Republican presidential candidate Donald Trump’s alma mater, New York Military Academy (NYMA), which was sold to Chinese buyers last year, started this school year with a large deficit, dilapidated school facilities, and a new Chinese principal. It’s looking to foreign students, particularly from China, to help revive its fortunes.
The financially troubled prep school, located in Cornwall in New York state’s Hudson Valley, had asked Trump for a donation of $7 million dollars to keep it afloat before the sale, but he turned them down. Trump said to CNN in 2004 and 2015 that attending NYMA was one of the greatest choices he ever made.
The school, which had debts of up to $12 million, eventually filed for bankruptcy in March 2015, and was sold for $15.8 million in Sept. 2015 to a non-profit group called The Research Center on Natural Conservation. The NGO is backed by Vincent Mo, a Chinese businessman who also chairs SouFun, a New York-listed, China-based real estate company. Mo himself personally donated $1 million to upgrade the school’s facilities, whose dormitories were in need of a massive renovation, said Jie Zhang, was appointed as head of NYMA in June. Jie was formerly the principal of New York City’s Stuyvesant High School.
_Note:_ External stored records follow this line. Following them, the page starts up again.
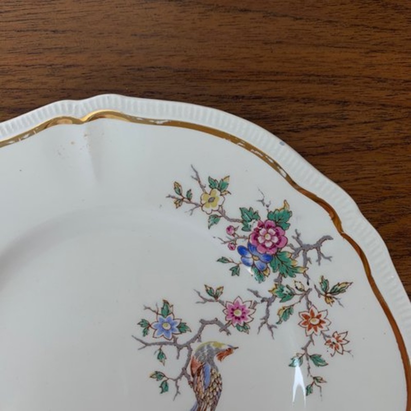 Set of 10 dessert plates, "Chantilly" model by Longchamp, 1950/60Crane and flower decor in Japanese style with gold accentDimensions: 19.5 x 19.5 cm - height: 1 cmOld object, retains traces of time (discoloration of the decoration in certain places, small
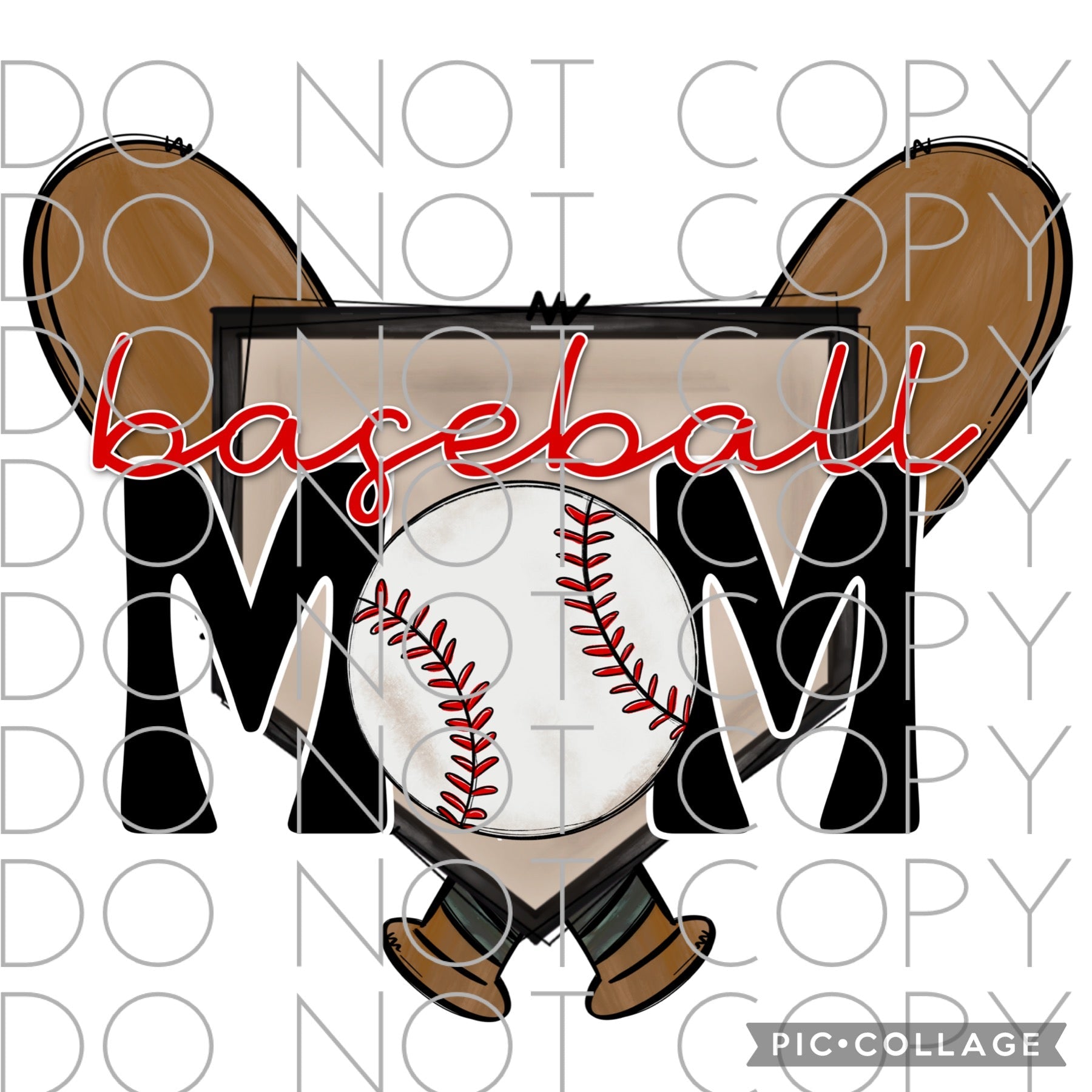 Baseball Mom with crossed bats and base(Direct To Film)
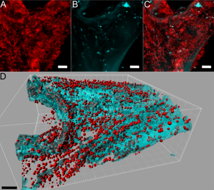 种类繁多的细菌几乎在海绵中的各处均有分布;图中的红色代表细菌菌落,青色则是海绵的自发荧光。图源:参考文献

“I think Trump has no interest in operating a school as a real estate developer, so as a business person,” and didn’t see the value of making an investment, Zhang told Quartz in a telephone interview this month. The 56-year-old principal and superintendent said the school is not advertising that the real estate mogul once studied at NYMA, nor does she believe that it would affect parents’ decisions. “After all, Trump was a student here 40 years ago.”
Zhang, who presided over 3,000 students at Stuyvesant, now runs a school with just 31 students, or cadets as they are known. She is expecting to run at a deficit of two to three million dollars in the next two years. NYMA’s enrollment fell from more than 500 in the 1960s to less than 100 in 2014, according to Reuters.
Part of Zhang’s financial plan involves recruiting more international students, who pay $52,000 in tuition and fees—including a $3,724 “English as a Second Language Fee”—compared to $44,700 for domestic boarding students. There is also a $200 haircut charge for male cadets, a $310 Commencement Fee and a $200 Parent Auxiliary Fee. Textbooks are not included in the fees.
Zhang said that seven of the school’s students now are Chinese and two came from China after their families’ visit to the school in August. The school also now offers Mandarin classes, which Zhang said are in high demand. The Mandarin teacher also teaches mathematics and does administrative work.
Zhang hopes to recruit 200 to 300 students in the next five years, but she added, “I don’t think that within my time the school will be profitable.”